Alors que Flunch vient d’expérimenter à Lille un concept inédit de restauration sans caisse, le débat sur l’avenir des commerces autonomes reprend de plus belle. Derrière la promesse technologique se cachent des enjeux économiques lourds : coûts d’investissement, viabilité commerciale, résistances sociales et potentiels nouveaux relais de croissance. Mais la question demeure : ces modèles peuvent-ils s’imposer face aux supérettes traditionnelles qui, elles, reposent sur des bases déjà rentables et éprouvées ?
🎲 Pari risqué pour les grandes enseignes
Avec son nouveau concept Fa!m, Flunch déploie un magasin bardé de caméras et reposant sur la technologie « Just Walk Out » d’Amazon. Le client se sert, scanne sa carte bancaire en sortie, et repart sans passage en caisse. Un gain de temps indéniable, mais qui soulève de sérieuses interrogations.
D’abord, la technologie est coûteuse à mettre en place. Philippe Goetzmann, consultant spécialisé dans la distribution, rappelle :
Les grandes enseignes comme Leclerc, Carrefour ou Auchan n’ont pas intérêt à investir dans un modèle qui créerait une concurrence interne à leurs propres magasins (RMC Conso)
En clair, pour un groupe déjà positionné sur les supérettes urbaines, développer des boutiques sans caisse revient à cannibaliser son propre marché tout en augmentant ses frais fixes.
L’exemple d’Amazon Go, contraint de fermer plusieurs magasins au Royaume-Uni faute de fréquentation suffisante, illustre le risque d’un modèle qui séduit plus les ingénieurs que les clients. Frank Rosenthal, expert en retail, souligne :
On peut se demander où est la valeur ajoutée réelle par rapport à une supérette classique. Le temps gagné reste marginal, et la relation humaine compte encore beaucoup.
Enfin, se pose la question sociale. Une automatisation trop rapide ouvrirait un front syndical sur la suppression d’emplois, un enjeu que les géants de la distribution préfèrent éviter dans un contexte déjà marqué par de fortes tensions sociales.

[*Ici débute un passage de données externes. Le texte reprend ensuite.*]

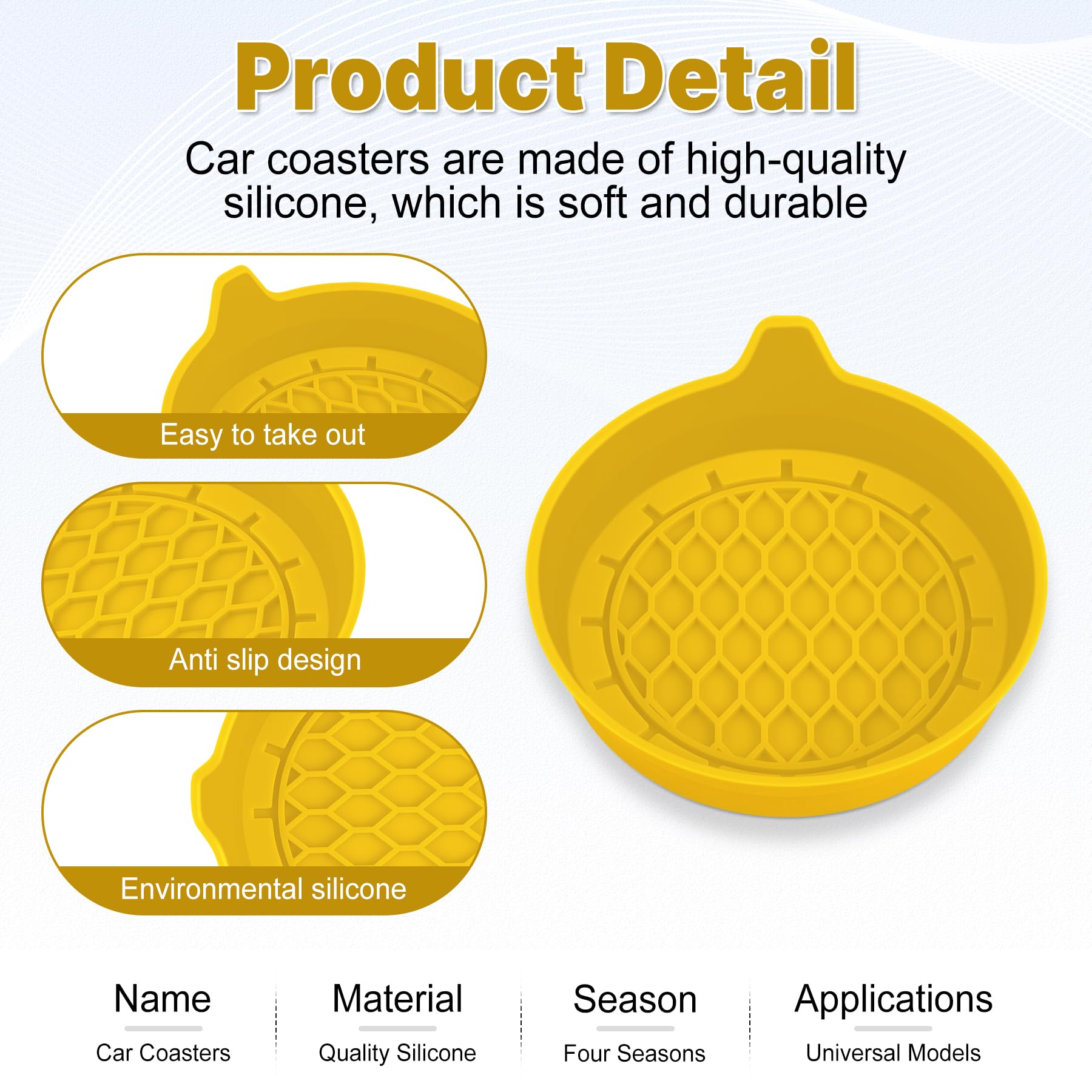 High Quality Material: The coaster is made of environmentally friendly silicone, safe, non-toxic and odorless. Soft with toughness, easily embedded in the cup holder. Very durable, wear-resistant, long service life. High temperature resistance, can withstand 100 ℃ high temperature water cups.

🏪 Ces supérettes API qui séduisent la ruralité
À l’opposé de ces expérimentations high-tech, la start-up API déploie un modèle beaucoup plus pragmatique et… rentable. Ses épiceries autonomes, implantées dans des communes de moins de 2.000 habitants, fonctionnent sans personnel permanent mais offrent jusqu’à 700 références à prix compétitifs. Le client scanne un QR Code pour entrer, se sert, puis règle en caisse libre-service.

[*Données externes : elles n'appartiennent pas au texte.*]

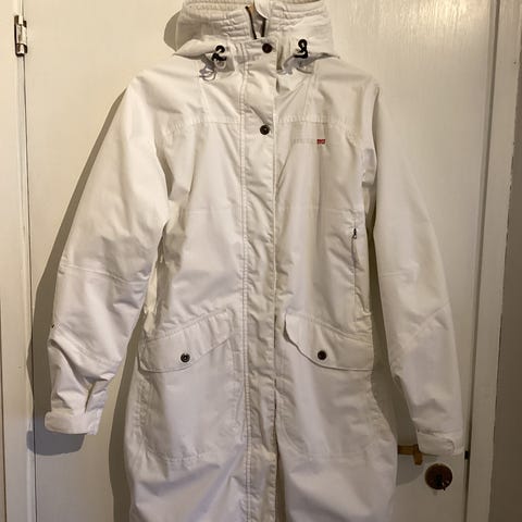 Ettersom jakken er hvit er det kommet en liten svak flekk neders på jakken, se bilde.

La formule, simple et peu coûteuse, répond à une vraie demande. Trois ans après son lancement, API compte déjà 120 magasins et vise les 250 d’ici 2026, couvrant de nouvelles régions comme les Hauts-de-France ou l’Auvergne-Rhône-Alpes. Chaque employé, surnommé « apicier », supervise deux ou trois points de vente, optimisant au maximum les coûts d’exploitation.
Comme le note Frank Rosenthal :
API comble les vides là où les grands distributeurs ne veulent pas aller. Ils offrent une solution concrète à des territoires abandonnés par les enseignes traditionnelles.
Cette stratégie de « niche » dans la ruralité contraste fortement avec l’obsession des mastodontes du secteur pour les centres-villes. Le succès d’API démontre que l’autonomie en commerce de proximité peut fonctionner économiquement, à condition de s’ancrer dans un besoin réel et non de chercher à « réinventer » artificiellement l’expérience client.
👁️ L’œil de l’expert
Le modèle des magasins autonomes restera difficile à généraliser en centre-ville : coûts élevés, adoption client incertaine, impact social délicat à gérer. En revanche, leur avenir pourrait se jouer ailleurs : dans les zones rurales, où API fait figure de pionnier rentable, mais aussi dans des lieux à forte affluence comme les stades ou les aéroports, où l’automatisation fluidifie la gestion des flux.
L’équation est claire : ce n’est pas la technologie qui dictera l’avenir de la distribution, mais la capacité à répondre à un besoin économique précis. Et pour l’instant, la ruralité semble offrir un terrain plus fertile que les grandes métropoles.